Given material:
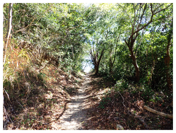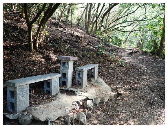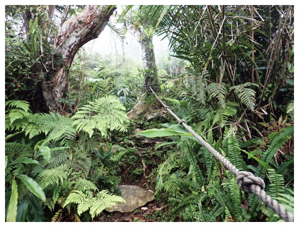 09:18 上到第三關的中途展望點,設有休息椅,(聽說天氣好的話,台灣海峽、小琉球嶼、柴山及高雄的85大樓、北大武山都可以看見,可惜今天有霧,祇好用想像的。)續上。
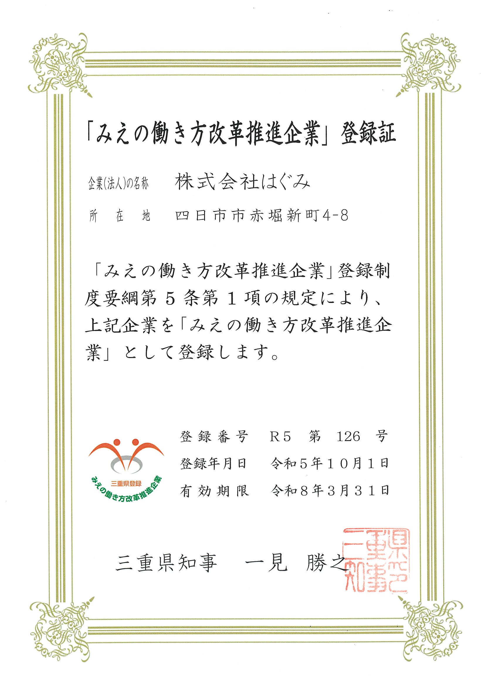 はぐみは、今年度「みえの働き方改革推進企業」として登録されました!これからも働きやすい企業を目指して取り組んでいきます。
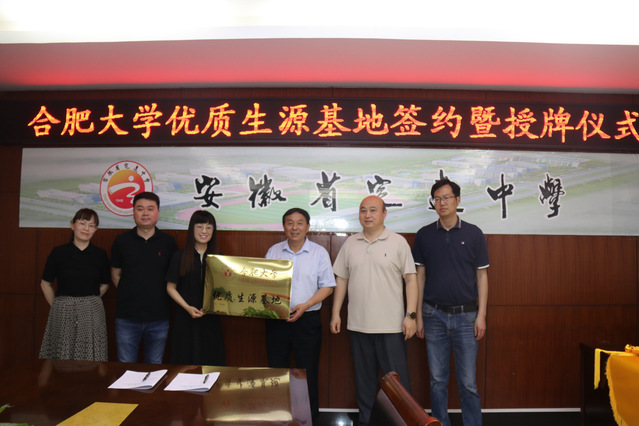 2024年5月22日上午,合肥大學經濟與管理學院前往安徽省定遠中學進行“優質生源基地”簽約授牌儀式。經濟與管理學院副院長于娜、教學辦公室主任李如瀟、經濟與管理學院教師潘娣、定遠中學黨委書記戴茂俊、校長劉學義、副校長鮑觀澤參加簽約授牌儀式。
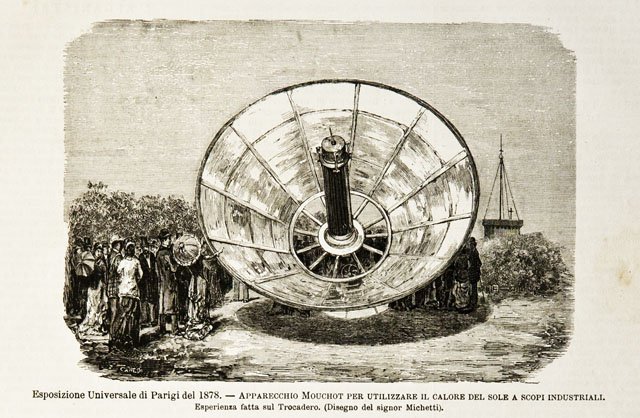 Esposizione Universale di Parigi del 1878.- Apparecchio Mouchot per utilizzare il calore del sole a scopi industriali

Your goal:
Could you set down the material above word for word while dropping its pictures?

Task answer:
 09:18 上到第三關的中途展望點,設有休息椅,(聽說天氣好的話,台灣海峽、小琉球嶼、柴山及高雄的85大樓、北大武山都可以看見,可惜今天有霧,祇好用想像的。)續上。
 はぐみは、今年度「みえの働き方改革推進企業」として登録されました!これからも働きやすい企業を目指して取り組んでいきます。
 2024年5月22日上午,合肥大學經濟與管理學院前往安徽省定遠中學進行“優質生源基地”簽約授牌儀式。經濟與管理學院副院長于娜、教學辦公室主任李如瀟、經濟與管理學院教師潘娣、定遠中學黨委書記戴茂俊、校長劉學義、副校長鮑觀澤參加簽約授牌儀式。
 Esposizione Universale di Parigi del 1878.- Apparecchio Mouchot per utilizzare il calore del sole a scopi industriali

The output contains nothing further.